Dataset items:
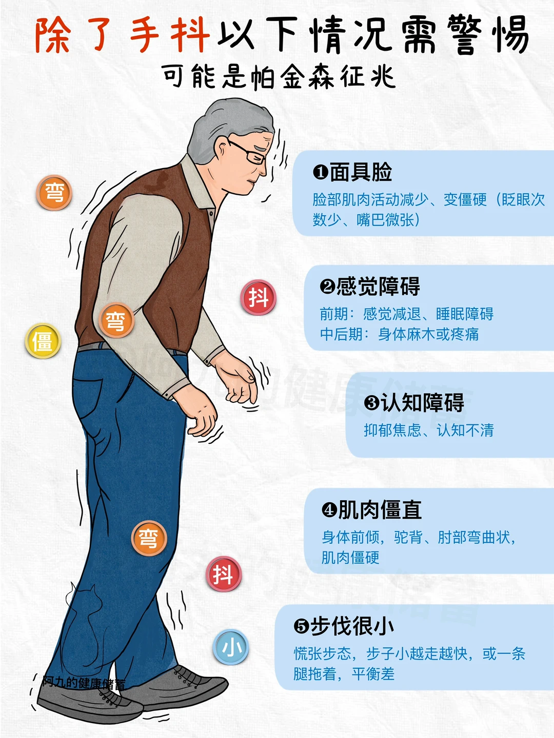 除了静止时手抖,如果伴随着出现面部僵硬、感觉障碍、运动迟缓等,都需要警惕,很可能是帕金森征兆(图2)
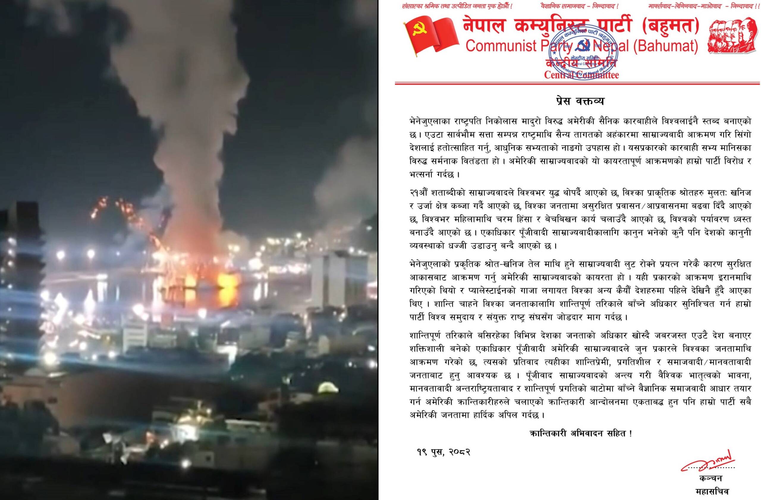काठमाडौं । नेपाल कम्युनिस्ट पार्टी (बहुमत) ले भेनेजुएलाका राष्ट्रपति निकोलस मादुरो विरुद्ध अमेरिकी साम्राज्यवादी शक्तिद्वारा गरिएको सैन्य कारबाहीको कडा विरोध गरेको छ । पार्टीले उक्त आक्रमणले विश्वलाई थप अस्थिर बनाउने तथा सार्वभौम राष्ट्रमाथि गरिएको नाङ्गो हस्तक्षेप भएको जनाएको छ । केन्द्रीय समितिद्वारा जारी प्रेस वक्तव्यमा भनिएको छ कि एक सार्वभौमसत्ता सम्पन्न राष्ट्रमाथि सैनिक तागतको दम्भमा गरिने आक्रमण आधुनिक सभ्यताको उपहास हो । यस्तो कार्यले सत्य मानिसहरू विरुद्धको संगठित हिंसा र साम्राज्यवादी अत्याचारलाई पुष्टि गर्ने पार्टीको ठहर छ । नेकपा (बहुमत) ले २१औँ शताब्दीमा साम्राज्यवादले विश्वव्यापी युद्ध थोपर्ने, प्राकृतिक स्रोतहरू—विशेषतः खनिज र ऊर्जामाथि कब्जा जमाउने, असुरक्षित आप्रवासन बढाउने, महिलामाथि हिंसा र बालश्रम फैलाउने तथा वातावरण विनाश गर्ने कार्य तीव्र बनाएको आरोप लगाएको छ । वक्तव्यमा भेनेजुएलाका प्राकृतिक स्रोत विशेषगरी खनिज तेलमाथिको साम्राज्यवादी लुट रोक्ने प्रयासकै कारण अमेरिकी आक्रामण भएकोे उल्लेख गरिएको छ । यस्ता आक्रमणहरू इरान, प्यालेस्टाइन र अन्य कमजोर राष्ट्रहरूमा समेत देखिँदै आएको पार्टीको दाबी छ ।
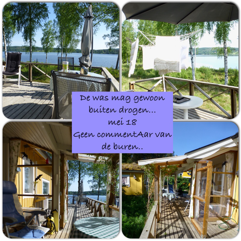 En dat pracht weer natuurlijk! Want het is warm, geen weer om bv boodschappen te doen en je huis op te ruimen. ( doen we wel hoor. In het zweet des aanschijns..zonder die domme Eva uit het scheppingsverhaal kwamen de gebraden kippen en vegetarische schijven zo aan gevlogen..) ..maar ja...).’ Met een kopje koffie,een pilsje,een glaasje wijn op de veranda zitten is onze voornaamste activiteit. . Een boek lezen, zien hoe het koolmezenpaar en de bontevliegenvangers af en aan vliegen om hun jongen eten te geven die onderdak hebben gevonden in de 2 vogelhuisjes.., na het middageten zien we de bootjes en vlotjes op het meer verschijnen. De avonden zijn lang.. om half 11 zijn de mensen die in de buurt een miljoen denneboompjes planten nog aan het vissen
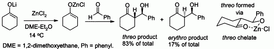 Zinc enolates, prepared from alkali metal enolates and ZnCl2, provide control of stereochemistry in aldol condensation reactions. This control is attributed to chelation at the zinc centre. In the example shown below, the threo product was favored over the erythro by a factor of 5:1 in the presence of ZnCl2.[57]
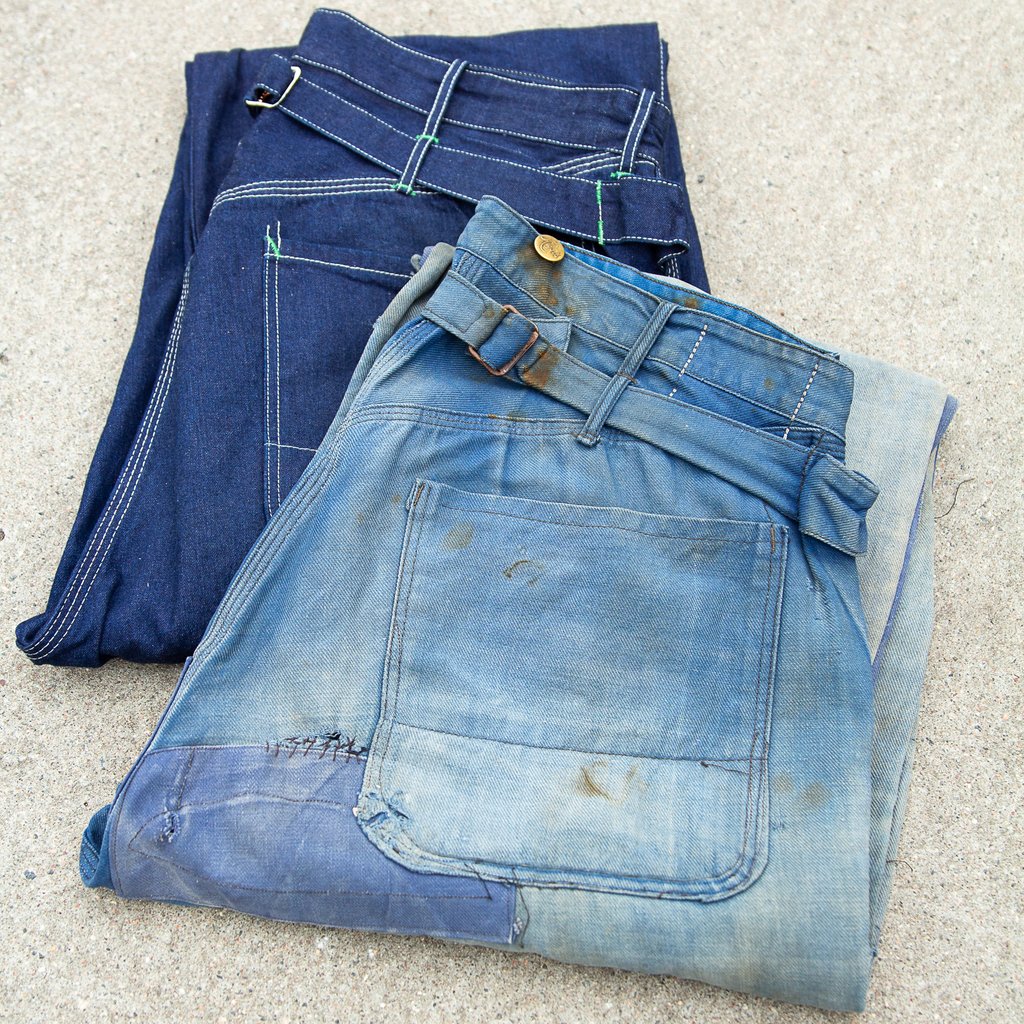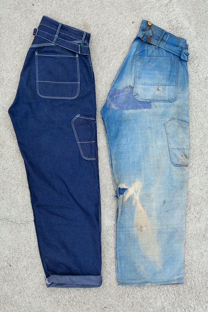 上の写真は、オリジナルと今回のコラボパンツを並べています。 ズドンと太いストーブパイプ型のシルエットに、非常に長い後股上は18,19世紀に見られた衣類の特徴です。この太いシルエットは動きやすさを衣類に与えるので、ワークウェアとしての本質が見られる形です。
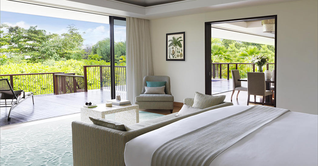 В номерах: сейф, рабочий стол, кофемашина Nespresso, набор для приготовления чая, мат для йоги, мольберт и блокнот для рисования, халат, банные принадлежности, Wi-Fi, телевизор со спутниковыми каналами, bluetooth-динамик Marshall Acton, кондиционер, телефон, мини-бар, фен, круглосуточные услуги фирменного дворецкого Raffles в виллах с 1 спальней, 2 спальнями и резиденции с 4 спальнями.

Exercise requirements:
The records are to be retyped in full and exactly, with no image carried over.

Answer for this exercise:
 除了静止时手抖,如果伴随着出现面部僵硬、感觉障碍、运动迟缓等,都需要警惕,很可能是帕金森征兆(图2)
काठमाडौं । नेपाल कम्युनिस्ट पार्टी (बहुमत) ले भेनेजुएलाका राष्ट्रपति निकोलस मादुरो विरुद्ध अमेरिकी साम्राज्यवादी शक्तिद्वारा गरिएको सैन्य कारबाहीको कडा विरोध गरेको छ । पार्टीले उक्त आक्रमणले विश्वलाई थप अस्थिर बनाउने तथा सार्वभौम राष्ट्रमाथि गरिएको नाङ्गो हस्तक्षेप भएको जनाएको छ । केन्द्रीय समितिद्वारा जारी प्रेस वक्तव्यमा भनिएको छ कि एक सार्वभौमसत्ता सम्पन्न राष्ट्रमाथि सैनिक तागतको दम्भमा गरिने आक्रमण आधुनिक सभ्यताको उपहास हो । यस्तो कार्यले सत्य मानिसहरू विरुद्धको संगठित हिंसा र साम्राज्यवादी अत्याचारलाई पुष्टि गर्ने पार्टीको ठहर छ । नेकपा (बहुमत) ले २१औँ शताब्दीमा साम्राज्यवादले विश्वव्यापी युद्ध थोपर्ने, प्राकृतिक स्रोतहरू—विशेषतः खनिज र ऊर्जामाथि कब्जा जमाउने, असुरक्षित आप्रवासन बढाउने, महिलामाथि हिंसा र बालश्रम फैलाउने तथा वातावरण विनाश गर्ने कार्य तीव्र बनाएको आरोप लगाएको छ । वक्तव्यमा भेनेजुएलाका प्राकृतिक स्रोत विशेषगरी खनिज तेलमाथिको साम्राज्यवादी लुट रोक्ने प्रयासकै कारण अमेरिकी आक्रामण भएकोे उल्लेख गरिएको छ । यस्ता आक्रमणहरू इरान, प्यालेस्टाइन र अन्य कमजोर राष्ट्रहरूमा समेत देखिँदै आएको पार्टीको दाबी छ ।
 En dat pracht weer natuurlijk! Want het is warm, geen weer om bv boodschappen te doen en je huis op te ruimen. ( doen we wel hoor. In het zweet des aanschijns..zonder die domme Eva uit het scheppingsverhaal kwamen de gebraden kippen en vegetarische schijven zo aan gevlogen..) ..maar ja...).’ Met een kopje koffie,een pilsje,een glaasje wijn op de veranda zitten is onze voornaamste activiteit. . Een boek lezen, zien hoe het koolmezenpaar en de bontevliegenvangers af en aan vliegen om hun jongen eten te geven die onderdak hebben gevonden in de 2 vogelhuisjes.., na het middageten zien we de bootjes en vlotjes op het meer verschijnen. De avonden zijn lang.. om half 11 zijn de mensen die in de buurt een miljoen denneboompjes planten nog aan het vissen
 Zinc enolates, prepared from alkali metal enolates and ZnCl2, provide control of stereochemistry in aldol condensation reactions. This control is attributed to chelation at the zinc centre. In the example shown below, the threo product was favored over the erythro by a factor of 5:1 in the presence of ZnCl2.[57]
 上の写真は、オリジナルと今回のコラボパンツを並べています。 ズドンと太いストーブパイプ型のシルエットに、非常に長い後股上は18,19世紀に見られた衣類の特徴です。この太いシルエットは動きやすさを衣類に与えるので、ワークウェアとしての本質が見られる形です。
 В номерах: сейф, рабочий стол, кофемашина Nespresso, набор для приготовления чая, мат для йоги, мольберт и блокнот для рисования, халат, банные принадлежности, Wi-Fi, телевизор со спутниковыми каналами, bluetooth-динамик Marshall Acton, кондиционер, телефон, мини-бар, фен, круглосуточные услуги фирменного дворецкого Raffles в виллах с 1 спальней, 2 спальнями и резиденции с 4 спальнями.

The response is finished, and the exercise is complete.